Dr. Mustafa Gündoğan

Bu yazıda doktoram sırasında okuduğum ve kuantum fiziği ve tarihine meraklılara ilk sırada tavsiye ettiğim bir kitaptan bahsedeceğim. MIT fizik ve bilim tarihi bölümleri üyesi David Kaiser’in yazdığı “Hippiler Fiziği Nasıl Kurtardı” (How the Hippies Saved Physics) soğuk savaş dönemi içinde kuantum fiziğinin gelişiminin akademide kendine yer bulamayıp, bir bakıma dışlanmış bir avuç “hippi” fizikçinin doğrudan ya da dolaylı çabalarıyla nasıl geri hayata döndüğünü anlatıyor.

“Geri hayata döndüğünü” dedim, çünkü kuantum fiziği ilk temelleri atıldığı 1920’lerden itibaren katı hal fiziği, atomik fizik, kimya ve diğer birçok alanlara son derece başarıyla uygulanmış; 1930 ve 40’lardan itibaren şekillenen kuantum alan teorisi ve sonradan bunların üzerine bina edilen “standart model” ile de parçacık fiziğinin temellerini oluşturmuştu. Kuantum fiziği bu yıllarda deney üzerine deney ile doğrulanmakta, teorinin doğruluğu ve bütünlüğü üzerine Einstein ve Schrödinger gibi büyük isimlerin başlattığı sorgulamaları alevlendirmek tabu olarak görülüyordu.
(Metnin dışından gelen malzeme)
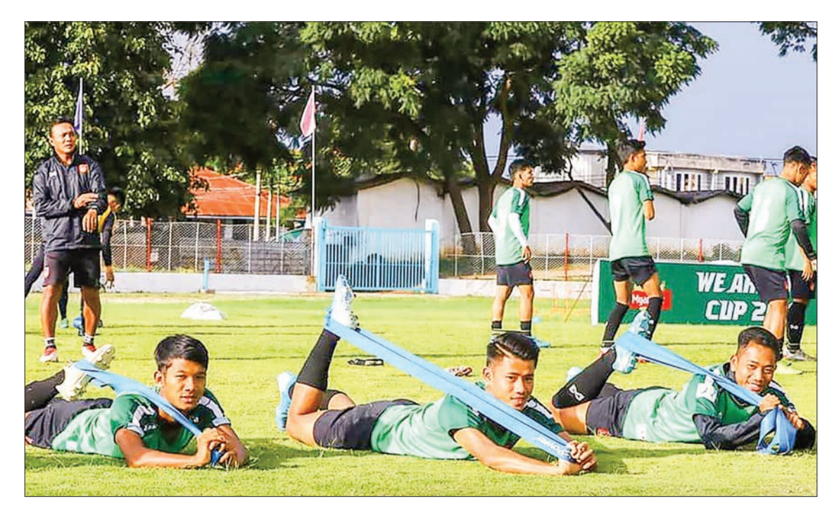
Myanmar U-19 footballers undertake physical exercise as part of preparation for the AFC U-19 Championship 2020 Qualifiers.

THE Asian Football Confederation (AFC) U-19 Championship 2020 Qualifiers will be held from 6 November at the Thuwunna Stadium in Yangon, Myanmar, according to the Myanmar Football Federation.

Kuantum fiziğinin temellerinin sorgulanmadan halihazırda birçok probleme çözüm getirmesi ve başarıyla uygulanmasına ek olarak, 2. Dünya Savaşı’nın finalinde Japonya’ya atılan çifte atom bombası fizikçileri “gerçeği sorgulayan, doğayla uğraşan insan” stereotipinden “savaş kazandıran, stratejik değeri olan iş gücü” konumuna getirmişti. Tarih boyunca bilimciler savaş ve politikayla zaten içiçe olageldiyse (Sirakuza savumasında öldürülen Arşimet ya da icat ettiği teleskobu Venedik doçuna ‘bununla düşman gemilerini önceden görebilirsiniz’ diye pazarlayan Galileo Galilei mesela) bile Hiroşima ve Nagazaki üzerindeki mantar bulutları bu ilişkiye oldukça dramatik bir sembol olmuş ve fizikçiler bir anda selebriti olmuşlardı.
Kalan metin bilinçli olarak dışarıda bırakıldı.